To continue our discussions of World Literature as a theoretical concept in more depth, we will discuss four crucial articles in the field and also the preface and introduction to my new book where I use this framework.
Each of you should consider yourselves “experts” on one of these articles, which means roughly 8 people should read each one carefully and be ready to present it. But you should have read all five works at least quickly.
The first is a classic and is accompanied by many others that bolster Moretti’s still controversial position against close reading, favouring “distant” reading. Mufti’s is more recent and provides a crucial discussion of Orientalism’s links to the institutionalization of World Literature. Tanoukhi’s piece focuses on the context of Africa and elaborates on some of the larger problems with World Literature through her discussion of art and literature. Nadia al-Baghdadi concentrates on putting the way in which Arabic literature has been studied traditionally into conversation with ideas underpinning World Literature as a concept. My new book uses World Literature as a framework to think through the way in which we talk about Lebanese women writers who use Arabic words/language in their texts written in standard French. All of these works are available through the McGill library system. I have copied links below, but it is your responsibility to find and read these articles/chapters.
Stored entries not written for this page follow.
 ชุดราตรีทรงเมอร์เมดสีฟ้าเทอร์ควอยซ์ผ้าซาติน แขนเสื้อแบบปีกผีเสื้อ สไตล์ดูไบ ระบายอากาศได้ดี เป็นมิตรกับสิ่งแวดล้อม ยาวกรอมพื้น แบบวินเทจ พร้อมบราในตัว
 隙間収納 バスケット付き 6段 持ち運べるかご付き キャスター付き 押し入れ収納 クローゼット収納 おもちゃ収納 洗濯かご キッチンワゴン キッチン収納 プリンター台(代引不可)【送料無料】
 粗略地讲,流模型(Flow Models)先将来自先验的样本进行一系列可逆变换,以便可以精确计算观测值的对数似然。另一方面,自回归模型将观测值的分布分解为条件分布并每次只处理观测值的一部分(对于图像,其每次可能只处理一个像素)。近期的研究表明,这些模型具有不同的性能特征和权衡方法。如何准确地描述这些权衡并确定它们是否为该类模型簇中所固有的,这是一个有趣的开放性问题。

(1) Franco Moretti, “Conjectures on World Literature,” New Left Review
(2) Aamer Mufti, “Orientalism and the Institution of World Literature,” Critical Inquiry 36 (Spring 2010)
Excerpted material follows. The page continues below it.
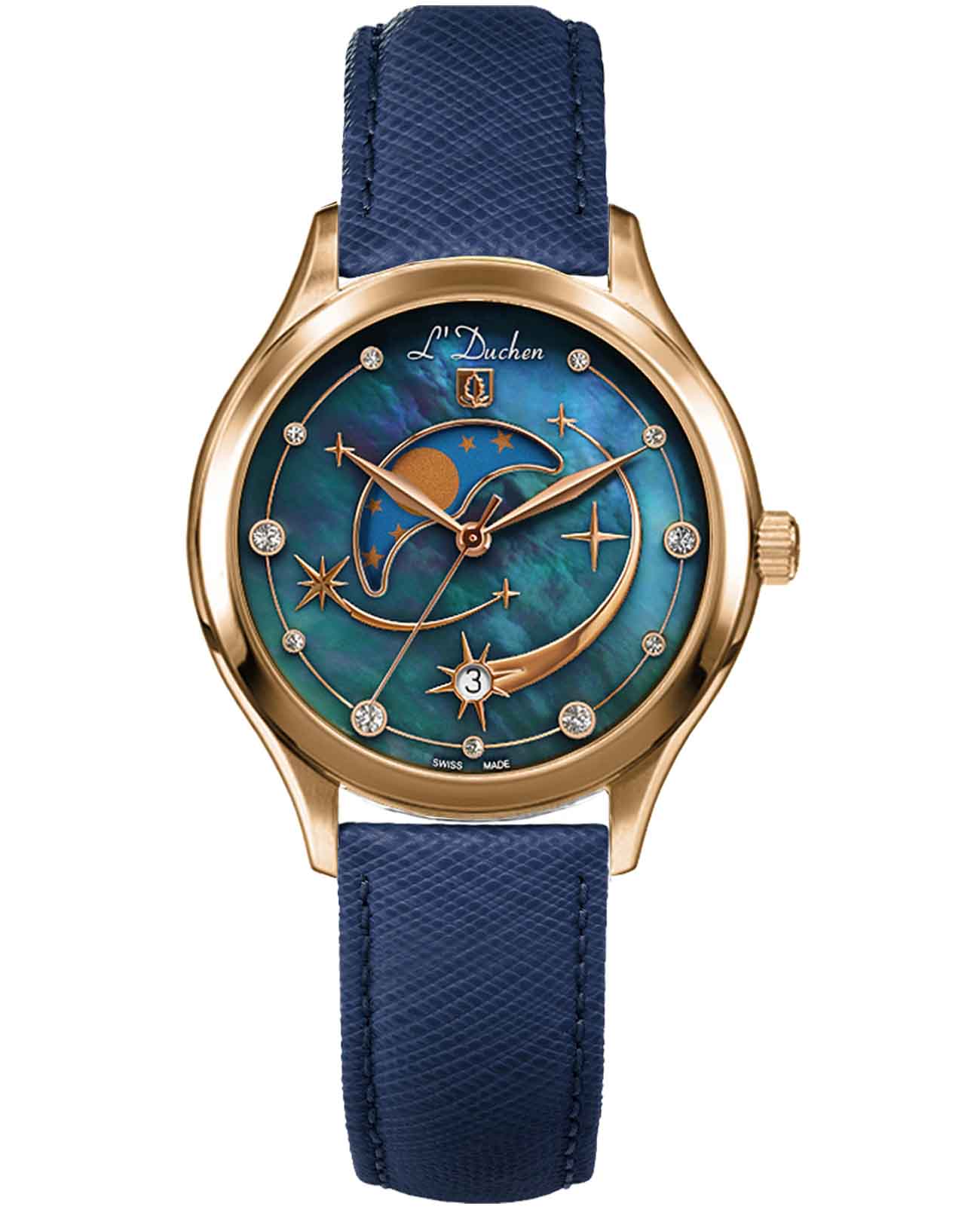 Женские швейцарские часы L'Duchen Perseides D 837.13.47, кварцевый механизм с высокой точностью. Сапфировое стеклоСапфировое стеклоПрочный и надёжный материал из кристалла сапфира синтетического происхождения, характеризующийся особой твёрдостью и устойчивостью к царапинам и повреждениям. устойчивое к появлению царапин, обладающее высокой прозрачностью. Корпус часов выполнен из нержавеющей стали. Циферблат украшен фианитами. Класс водозащиты: 50 метров, позволит защитить корпус от случайных брызг или капель дождя. Кожаный ремешок на застёжке «бабочка» с кнопкамиЗастёжка "бабочка"Такой вид застёжки дополняется предохранителями, помогающими избежать случайного раскрытия браслета. Обладают изящным исполнением. .

(3) Nirvana Tanoukhi, “The Scale of World Literature,” New Literary History, 39: 3 (2008) pp.599-617
(4) Nadia al-Baghdadi, “Registers of Arabic Literary History,” New Literary History, 39: 3 (2008): 437-461.
(5) Michelle Hartman, preface and introduction, Native Tongue, Stranger Talk: The Arabic and French Literary Landscapes of Lebanon (Syracuse: Syracuse University Press, 2014).
(NB: You must be connected through the McGill system, or another system that subscribes to JSTOR and project MUSE to download most of these articles, I will upload mine ASAP…).